What is expected. When you reach the line below that has "Bộ GD&ĐT lưu", start returning lines exactly, and stop after the line that has "The Veronica Burton"; skip the pictures.

Data records.
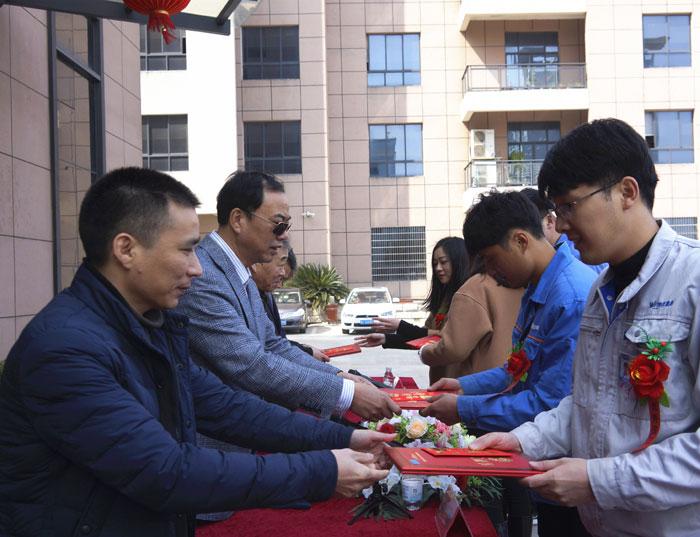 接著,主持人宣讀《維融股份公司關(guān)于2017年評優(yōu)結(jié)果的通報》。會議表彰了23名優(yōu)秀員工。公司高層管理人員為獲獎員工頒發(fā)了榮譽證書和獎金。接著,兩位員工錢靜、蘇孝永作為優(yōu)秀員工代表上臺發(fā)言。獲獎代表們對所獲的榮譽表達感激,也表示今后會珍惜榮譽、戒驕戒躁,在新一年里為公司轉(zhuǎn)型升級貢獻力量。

==

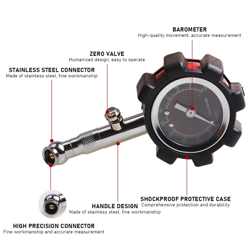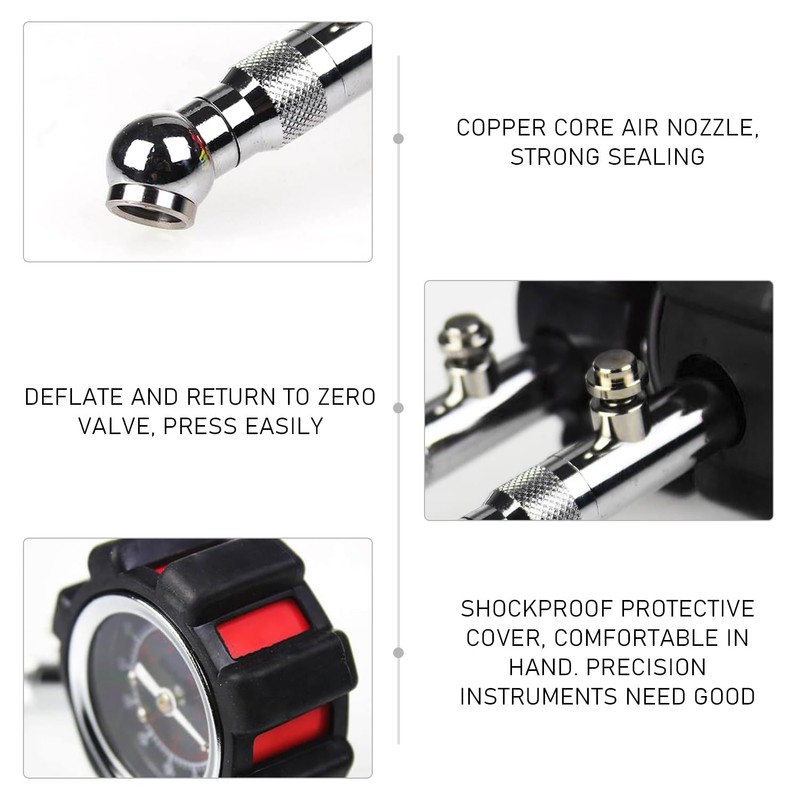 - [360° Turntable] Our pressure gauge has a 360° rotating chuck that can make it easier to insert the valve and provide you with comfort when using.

...

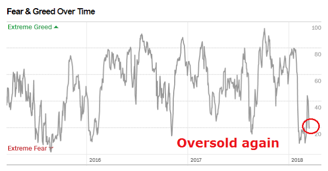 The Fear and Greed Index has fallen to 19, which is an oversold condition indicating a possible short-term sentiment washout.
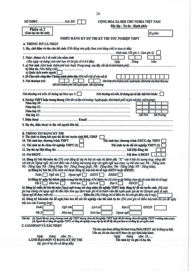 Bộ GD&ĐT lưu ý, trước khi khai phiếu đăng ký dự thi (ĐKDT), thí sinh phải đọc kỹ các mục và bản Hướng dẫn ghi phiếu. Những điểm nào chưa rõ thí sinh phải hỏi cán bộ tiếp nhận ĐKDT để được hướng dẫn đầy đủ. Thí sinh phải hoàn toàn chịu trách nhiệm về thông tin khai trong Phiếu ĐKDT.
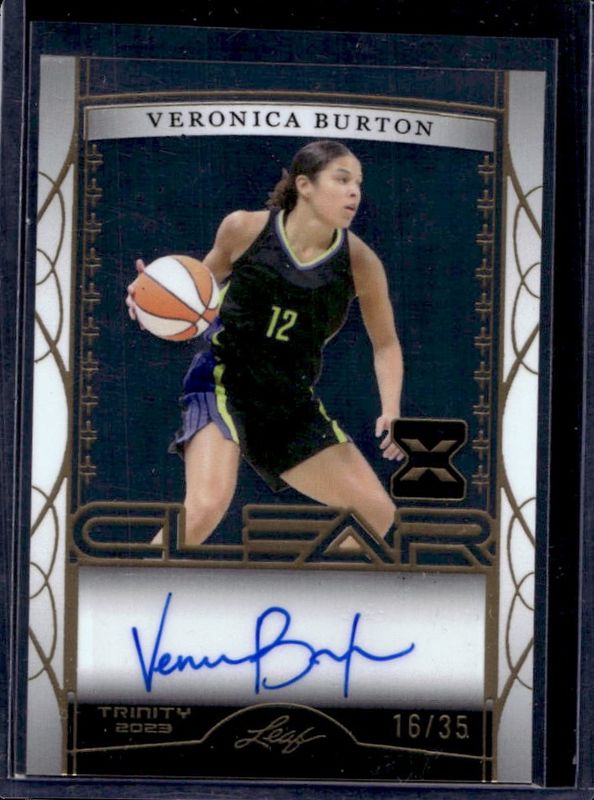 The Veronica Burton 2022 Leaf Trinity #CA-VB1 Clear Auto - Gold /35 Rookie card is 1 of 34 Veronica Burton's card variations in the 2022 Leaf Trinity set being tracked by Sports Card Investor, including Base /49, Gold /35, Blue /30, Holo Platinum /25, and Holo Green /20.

Expected output.
 Bộ GD&ĐT lưu ý, trước khi khai phiếu đăng ký dự thi (ĐKDT), thí sinh phải đọc kỹ các mục và bản Hướng dẫn ghi phiếu. Những điểm nào chưa rõ thí sinh phải hỏi cán bộ tiếp nhận ĐKDT để được hướng dẫn đầy đủ. Thí sinh phải hoàn toàn chịu trách nhiệm về thông tin khai trong Phiếu ĐKDT.
 The Veronica Burton 2022 Leaf Trinity #CA-VB1 Clear Auto - Gold /35 Rookie card is 1 of 34 Veronica Burton's card variations in the 2022 Leaf Trinity set being tracked by Sports Card Investor, including Base /49, Gold /35, Blue /30, Holo Platinum /25, and Holo Green /20.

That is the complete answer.